By making use of any of the existing external platforms, or

By creating their own communication platforms

The choice of the platform – whether owned or externally leveraged should be made based on the following factors:

Duration of engagement – whether the engagement sought is to be an ongoing activity or created for a specific time-bound purpose

Type of Consultation – whether the consultation is open to public or confined to a particular group of stakeholders e.g. experts.

Account Creation: A social media account establishes an organisation’s online identity. Wherever possible, the same name for the different social networking accounts may be adopted to ensure ease of search on the internet. Another important facet of online identity is the need for it to be rendered effectively in either long form e.g. website address or in 15 characters or less (this is the Twitter maximum).

Login and passwords: Each new account requires a URL, user name and/or email address and a password. A proper record of login ids and password must be maintained. This is critical as multiple people may be authorised to post on behalf of the department.

Account Status: It is important to define whether the engagement may be undertaken through official accounts only or the officials may be permitted to use personal accounts also for posting official responses. It determines who says what on behalf of your organisation and in what form it is published. It also outlines how each piece of published information is presented where it is published. The most important aspect is whether the responses are in Official or Personal Capacity.

Responsiveness: This indicates the how often would the pages/information be updated, in what manner would the responses be posted, what would be the turnaround time of responses etc. The major attraction of social media is the spontaneity and immediacy of response and feedback and those visiting the site would expect the some kind of response within a pre-defined time limit. As far as possible, it is important to state upfront the scope of response – given/not given, type of response – official/unofficial, response time – 1 day/1 week etc. so that expectations are set correctly. Some of the ways to ensure timely response is Email integration i.e. email writing, list management, list building, proper lead direction so the right internal person takes actions on leads in a timely fashion and Daily management/maintenance of social media platform messages, customer contacts, etc.

While employees are free to post response in their personal capacity, it is mandatory that while they are doing so, they must clearly identify themselves, confidential information must not be divulged and should not be seen to represent “official view” unless authorised to do so.

Another important aspect that needs to be addressed is the Escalation Mechanism.

There has to be a defined hierarchy not only of responses but also of queries. For example, the comments and queries may be classified as routine – for which a Frequently Asked Question (FAQ) and Fixed Response Format (FRF) may be applied.

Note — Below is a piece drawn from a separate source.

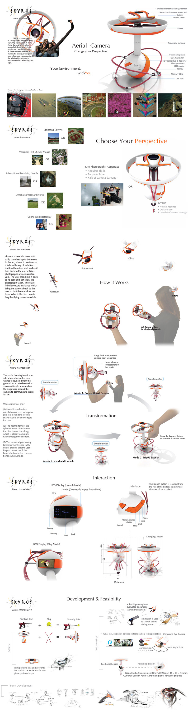 Siddharth Kambe & Dipti Hanako Kambe developed the idea to make aerial photograhpy easy for everyone. Siddharth attended the Pratt Institute and Denmark Design School. The concept is an exploratory look into capturing those special moments from a different perspective… just don’t get wrapped up in that moment and have the camera come flying back at you with rotors blazin’.

The next level may be queries/comments related to projects/programme, for which no separate official response may be needed because all relevant information may be available in the public domain and the query may be responded accordingly.

The next level of query/comment may be more specific where an “official” response may be needed. Such a categorization will help organizations in streamlining their responses.

Finally, there should be congruence between responses posted on social media and those in traditional media.

Roles & Responsibilities: The roles and responsibilities of the team responsible for creating, managing and responding on social media platforms must be clearly defined.

In Indian context, they may also need to be aligned to roles and responsibilities defined for responding to RTIs.

For most interactions, flexibility may be given to the staff to respond to regular queries or comments.

Escalation mechanism defined in the governance structure must clearly define accountability at all levels.

The role definition must not be limited just to responses, but also include responsibility for matters related maintenance of login ids and passwords, issues related to data security, archives, privacy, etc. For example, while the existing web content team may be assigned the responsibility for responding to usual queries; special technical expertise may be required to ensure appropriate levels of security.

Accountability: Clearance systems that distinguish between situations when an official position is required, and when open conversation is appropriate. This has to have at its heart a redefinition of accountability. The officials designated for engagement with citizen using the social media should be covered under a well defined immunity provision in consonance with the RTI Act and the IT Act and the IT Amendment Act 2008.

Content Creation & Social media profiles overlap, therefore sharing consistent content on all social media platforms should form the bedrock of content policy. While the social media tools allow everyone to become a creator, for the official account, content will have to be specified and tailored to the site on which it is being published.

Accessibility: In order to enable wider participation, content creation and availability should be in Indian languages and must not be limited to text alone. The content should follow the Government of India Guidelines for Website and adequately address challenges related to accessibility in Indian Languages as well as accessibility of content for differently abled.

Moderation: A moderation policy should also be published if the platform permits others to add their own content; this informs people what they can post whilst protecting others who may visit your platform. The moderation policy should include matter related to copyright, rights to addition and deletion etc.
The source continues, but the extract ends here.